What are the datatypes of each column?

You can get the answers for all the above questions by applying the following methods on Pandas DataFrame as detailed in the chapter Summar Statistics

info()
describe()
head()

Step 3. Cleaning the Data

Now it is time to start one round of cleaning by fixing the column names, filling in null or empty values etc., as detailed in chapter Data Cleaning

For the next set of steps, you can follow these guidelines:

Ask some initial questions (1-2 max) and start analysing the data to answer those specific question. Asking questions is the hardest. It comes by practice. Start by first plotting diagrams based on data types and that may open doors for some questions.
Have some possible hunches in mind for your answers and then find the answers from the data. Look at multiple independent variables (variables could be other column values or you may have to gather additional data to supplement your initial data) which could be contributing to the answer to your questions.
Find some initial results. And assess how confident you are with the results you found. What would make you more confident with the results? Try and think are there other lurking variables that you did not consider?
Present your findings using single-variable (1d) and multiple-variables (2d) visualizations charts.
Finally reflect on your prior hunches and what the actual answers were. In almost all cases you now have more questions even though you answered your initial questions.
Repeat the cycle till you have reasonably understood the data on hand and are able to show your findings through visualizations along the way.
List out the assumptions you made along the way, limitations of your findings and other extraneous factors which could influence your findings.

Step 4. Numerical Data Analysis

If your dataset has any numerical values then this step is essential. It is worth noting however that some columns might be ingested into the DataFrame with a non-numeric data type even though it should have been of a numeric type. In that case go back to the previous step and convert that column values to numeric. E.g., price with a $ and/or ',' ingested as a non-numeric type which needs to be converted to numeric, so that you can perform arithmetic operations on it. If you don't have any numerical values to consider then move to next step.
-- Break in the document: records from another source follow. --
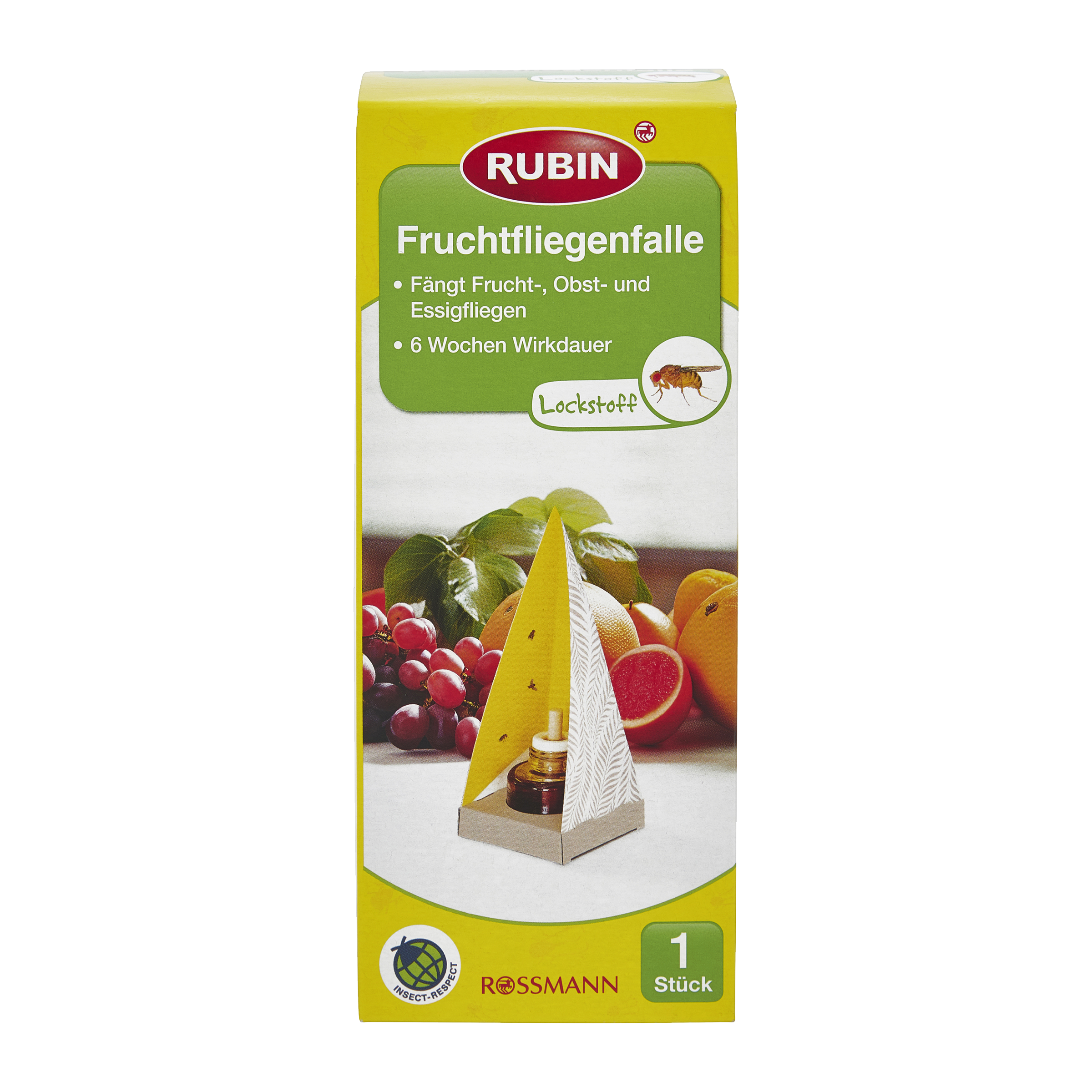 Lapač bez insekticidů pro detekci napadení ovocnými, ovocnými a octovými muškami. Mouchy jsou přitahovány přírodními atraktanty a žlutou barvou pasti a spolehlivě drží na místě díky aplikovanému lepidlu. Napadení hmyzem tak lze odhalit v raném stádiu a zahájit vhodná kontrolní opatření.
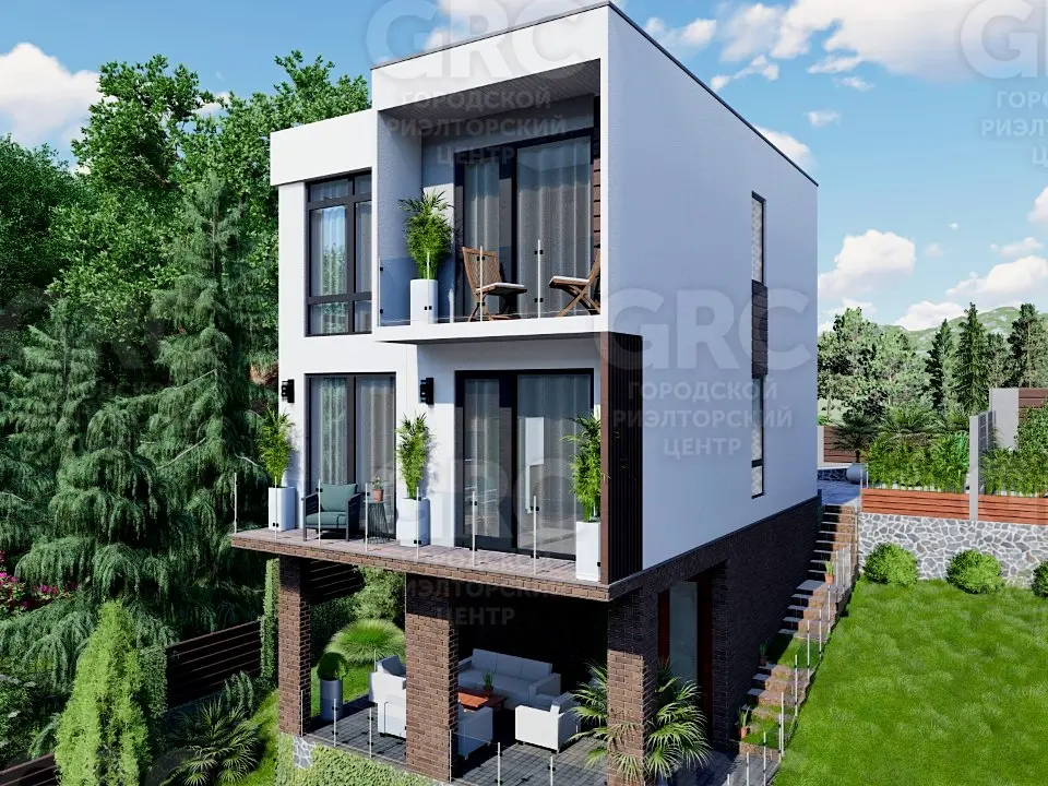 Дом: 2 этажа + цоколь с террасой. Площадь дома 180 кв.м. + эксплуатируемая кровля. Энергоэффективное витражное остекление с профилем REHAU. Наружная отделка - мраморная крошка. Планировка свободная с черновой отделкой. 2 балкона. Участок 4 сотки с возможностью устройства бассейна (по желанию клиента). Территория перед домом отделана тротуарной плиткой. Парковка как на территории так и возле дороги. Коммуникации: газ, электричество, вода, септик.
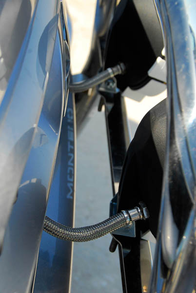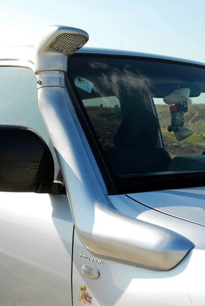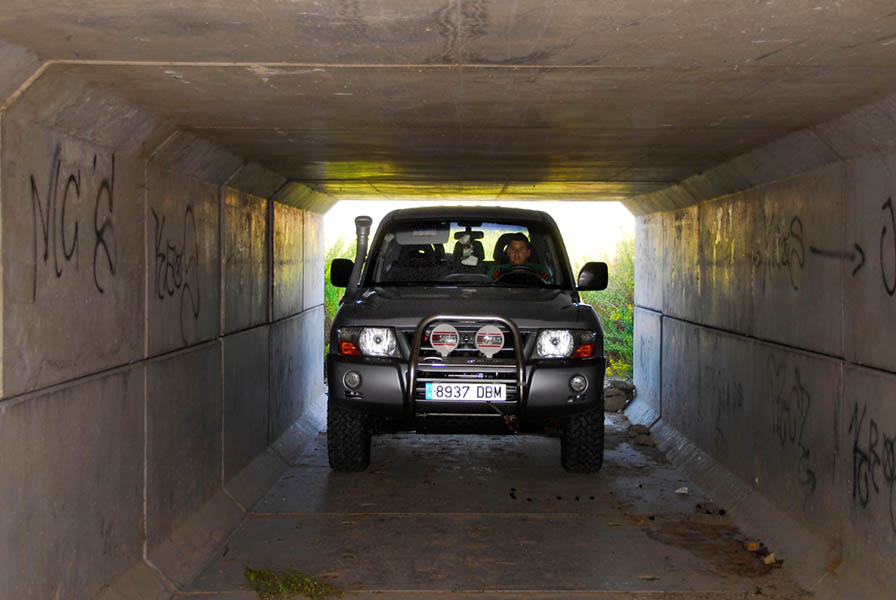 El coche, como se puede ver en las fotos y con la única condición de quitarle las pegatinas, parecería una unidad de fábrica, una unidad muy especial, desde luego, pues el ancho, el alto, el snorkel, la defensa, la plancha cubrecarter… se notan, pero todo está tan bien terminado, que pasaría por una unidad original. En este sentido, es destacable la instalación de las tomas del compresor, perfectamente rematadas, la pintura del snorkel, exacta a la original, o hasta la terminación de algo tan poco estético como son los limitadores de extensión de los amortiguadores.
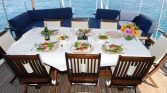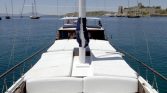 The outdoor areas of Gulet Blue Romance are designed for relaxation and socializing. The aft deck features a shaded dining area with comfortable seating where guests can enjoy freshly prepared meals while taking in the stunning sea views. The foredeck provides sun mattresses and cushions, creating the perfect place to sunbathe, read a book, or simply enjoy the gentle sea breeze. The yacht’s teak decks and outdoor lounge areas add to the traditional charm that makes gulet cruising so special.
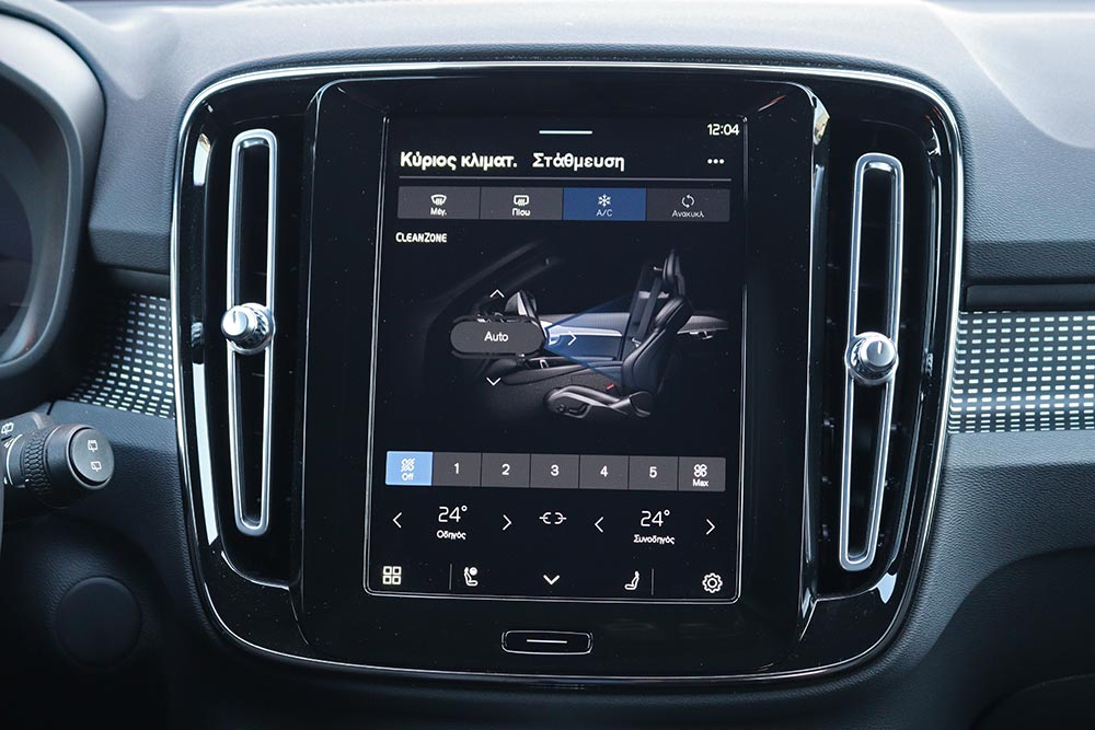 Οι χώροι των επιβατών του XC40 Recharge παρέμειναν αμετάβλητοι, που σημαίνει ότι οι δύο πίσω φιλοξενούμενοι έχουν αρκετό αέρα για το κεφάλι και τα πόδια τους. Το πορτ μπαγκάζ είναι λίγο μικρότερο στα 414 λίτρα (452 λτ. τα συμβατικά XC40), ωστόσο κάτω από το εμπρός καπό βρίσκεται ένας επιπλέον αποθηκευτικός χώρος 31 λίτρων για αντικείμενα όπως τα καλώδια φόρτισης ή ένα μικρό σάκο.
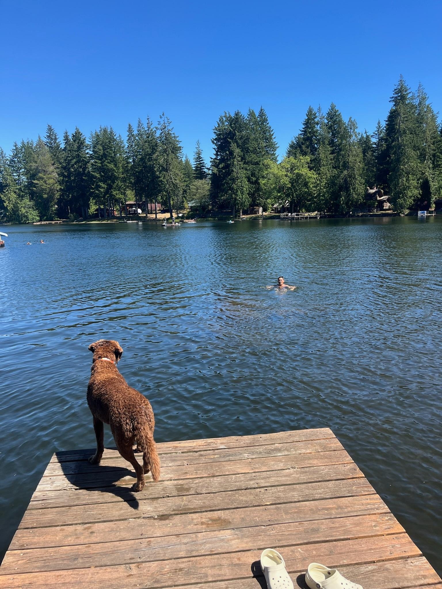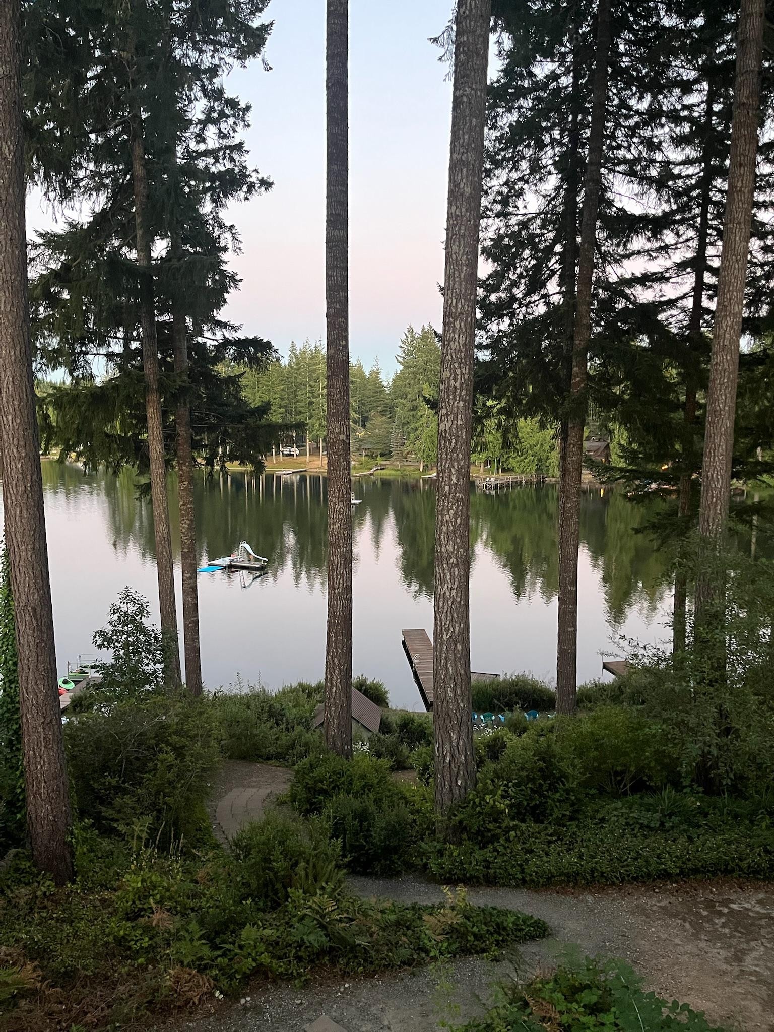 Sip your morning coffee & tea on the oversized deck that is perched above the Lake with magical sunrise views through natural NW landscaping that frames a short nature trail (with steps) to your own private 75’ of no bank pebble beach, dock, picnic table, boathouse (2 kayaks, canoe, raft & floaties supplied). Lifejackets provided.

At this point you will get a fair idea of which numerical column you would like to explore more. Find the outliers, mean, median, distribution etc., by plotting a Box and Whisker plot, Histogram as detailed in chapter Simple Visualization

You may also want to segment any continuous data with some criteria if applicable as detailed in chapter Simple Queries

Step 5. Categorical Data Analysis

If any of the column values categorical, then you can create Bar charts using Seaborn library. If the category labels are too big then consider horizontal bar chart. If you see part of whole scenarios, then consider stacked bar. Refer chapter Visualization with Seaborn

Step 6. Time Series Plots

If you see any date/time related column values, then plot a line chart as explained in chapter Time Series

Step 7. Geospatial Diagram

If you see any latitude and longitude values, county, state, country values worth investigating, then apply the techniques as detailed in chapter Geospatial Diagrams

Step 8. Multivariate Relationships

When a given tabular data contains multivariate observation data, it is a good idea to see possible correlation relationships between them. You can first get a subset of columns of interest and create a correlation Heat map as explained in chapter Visualization with Seaborn

Using the heatmap as the guide, pick two variants showing a strong correlation and consider plotting a Seaborn lmplot or regplot, showing a positively or negatively correlated relationship.

Step 9. Insights!

Congratulations! If you made it up to this step, then you have tamed the beast!
By creating the many different diagrams and charts, you would now have a fair idea of your dataset and hopefully, some interesting discoveries about the data might have been made.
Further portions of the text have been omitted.